8. Tant la société AGF que la MNCAP ont refusé de prendre en charge le sinistre lié à cette invalidité en opposant la prescription biennale.
9. Par lettre du 29 juin 1997, Mme G... à transmis à la banque une déclaration de sinistre relative à une nouvelle pathologie, accompagnée d'un certificat médical du 18 octobre 1996 faisant état de sa prise en charge en affection de longue durée (ALD).
10. Cette déclaration a été transmise par la banque à la MNCAP qui a dénié sa garantie.
11. Mme G... s'est également rapprochée de la société AGF, qui lui a indiqué par lettre du 28 janvier 1999 que les sinistres postérieurs au 31 décembre 1994 n'étaient pas de son ressort.
12. M. et Mme G... ayant cessé le remboursement de leur emprunt, la banque, après une mise en demeure demeurée infructueuse, leur a notifié la déchéance du terme et a engagé une procédure de saisie immobilière qui a abouti à la vente de leur maison, le 5 mars 2004.

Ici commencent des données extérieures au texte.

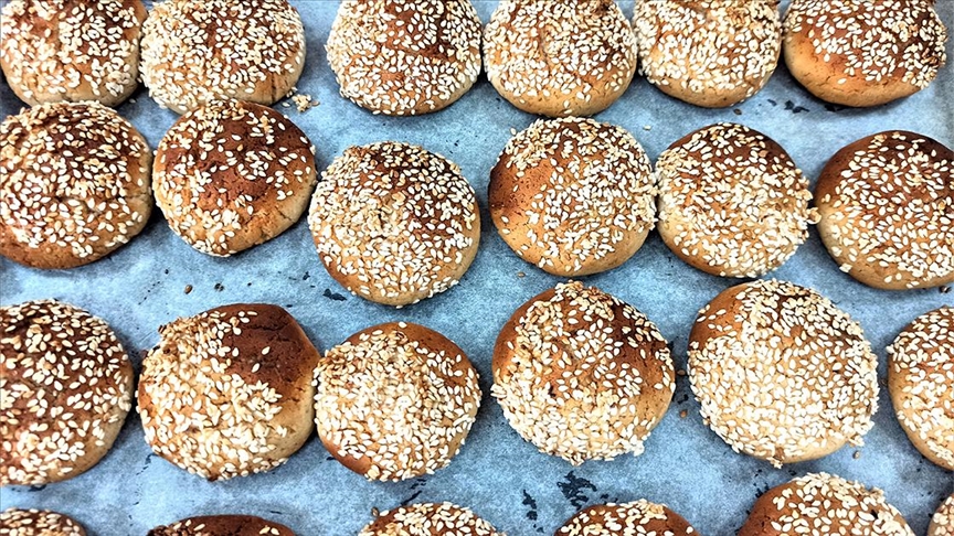 Şekillendirilmiş kömbelerin üzeri ıslatılmış susamla kaplanarak önceden ısıtılmış 170–180 °C fırına verilir. Pişirme süresi yaklaşık 20–25 dakikadır. Ürün fırından çıktığında altın sarısı rengini almış, dışı hafif sert, içi ise kıvamlı bir yapıdadır.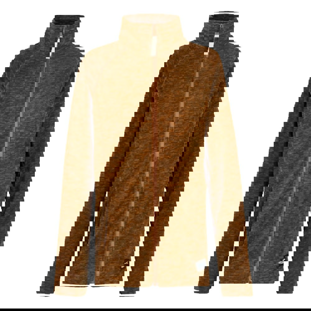 This full zip fleece jacket is made from 70% polyester and 30% recycled polyester, with a peached finish and a plain design. It has a standing collar and long raglan sleeves for a clean, practical shape.

13. A la suite d'une demande de réexamen de sa situation par Mme G..., la société AGF a, par lettre du 16 mai 2007, déclaré prendre en charge le sinistre pour la période du 18 octobre 1996 au 13 août 2004, date à laquelle le prêt a été remboursé, soit un montant total de 27 375,76 euros.
14. Mme G... a signé une attestation datée du 3 septembre 2007, par laquelle elle reconnaissait avoir reçu cette somme en règlement, pour solde de tout compte, des sommes que la société AGF pourrait lui devoir et que ce règlement mettait un terme irrévocable et définitif à leur relation contractuelle.